What is not shown in the main page of the app is that each time the app speaks a text, it will first check if the audio file for that text exists or not in the phone. If not, the app will synthesize the speech and store it into an audio file for later usage so that we don’t waste CPU resource. If the audio file for that text exists in the phone, the app will associate the corresponding text with the audio file and play it. The codes that do this job is shown below:

        EditText editText;
        ...
        audioFolderPath = Environment.getExternalStoragePublicDirectory(Environment.DIRECTORY_MUSIC).getPath();
        ...
        editText = findViewById(R.id.editText);
        Button speechButton = findViewById(R.id.button);
        speechButton.setOnClickListener(new View.OnClickListener() {
            @Override
            public void onClick(View v) {
                String textForSpeech = editText.getText().toString();
                String audioFileName = textForSpeech+".mp3";
                String audioFileCompletePath = audioFolderPath + "/" + audioFileName.replaceAll("[^a-zA-Z0-9\\.\\-]", "");
                File audioFile = new File(audioFileCompletePath);
                if (audioFile.exists() && isSameLanguage) {
                    mTextToSpeech.addSpeech(textForSpeech, audioFileCompletePath);
                } else {
                    if (Build.VERSION.SDK_INT >= 21) {
                        mTextToSpeech.synthesizeToFile(textForSpeech, null, audioFile, null);
                    } else {
                        mTextToSpeech.synthesizeToFile(textForSpeech, null, audioFileCompletePath);
                    }
                    isSameLanguage = true;
                }
                Toast.makeText(getApplicationContext(), textForSpeech, Toast.LENGTH_SHORT).show();
                mTextToSpeech.speak(textForSpeech, TextToSpeech.QUEUE_ADD, null);
            }
        });

Notice that we have to check the build version of the device because we are using different TextToSpeech.synthesizeToFile() method for different build version due to deprecation. With these code, the app will get the text from EditText view and check if there is associated audio file. If there is, we associate the given text with the audio file via mTextToSpeech.addSpeech(textForSpeech, audioFileCompletePath). If not, the app synthesizes the speech and stores it as .mp3 file under the Music folders. At the end the app pushes the speak request to the queue and speaks it out loud. The result of running this part of codes is shown below:

TTS Example app screenshot4

If you want to see the full implementation of this example app, you can check out this Example App in my git repository.

Conclusion

Android Text To Speech is a powerful feature that can allow android apps to talk by generating speech from given texts. It can help people who have difficulty in reading the contents of the app a lot.
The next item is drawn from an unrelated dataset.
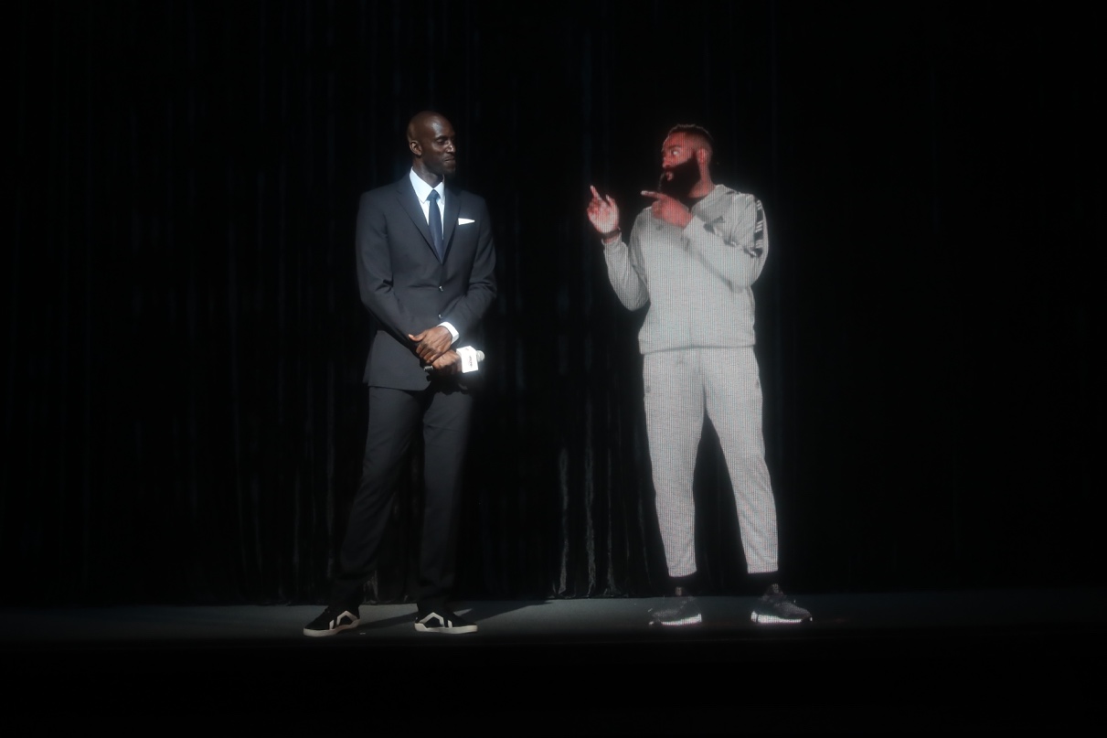 图4:加内特和以全息投影方式“空降·”的神秘嘉宾詹姆斯·哈登互动

The main takeaway from this discussion about Androdi TTS feature is that it is not difficult to be incorporated into any existing apps. To incorporate the TTS feature into an android app, we just need to initialize an TextToSpeech instance for a speech engine, define the behaviors of the TTS engine (e.g. through TextToSpeech.setLanguage(), setPitch(), setSpeedRate(), etc.), make the TTS instance either speak the text out loud through speak() or store the speech as an audio file through synthesizeToFile(), and finally shut down the TTS engine if it is not used anymore. But remeber that the language you choose to set the TTS engine should match with the texts that you want your app to speak. Moreover, the Text To Speech feature supports a large number of languages across the world and even includes variations of the same language in different regions. It increases an app’s accessibility to a larger pool of users across the world. If you want to know more about Android Text To Speech, you should definitely check out this developer documentation.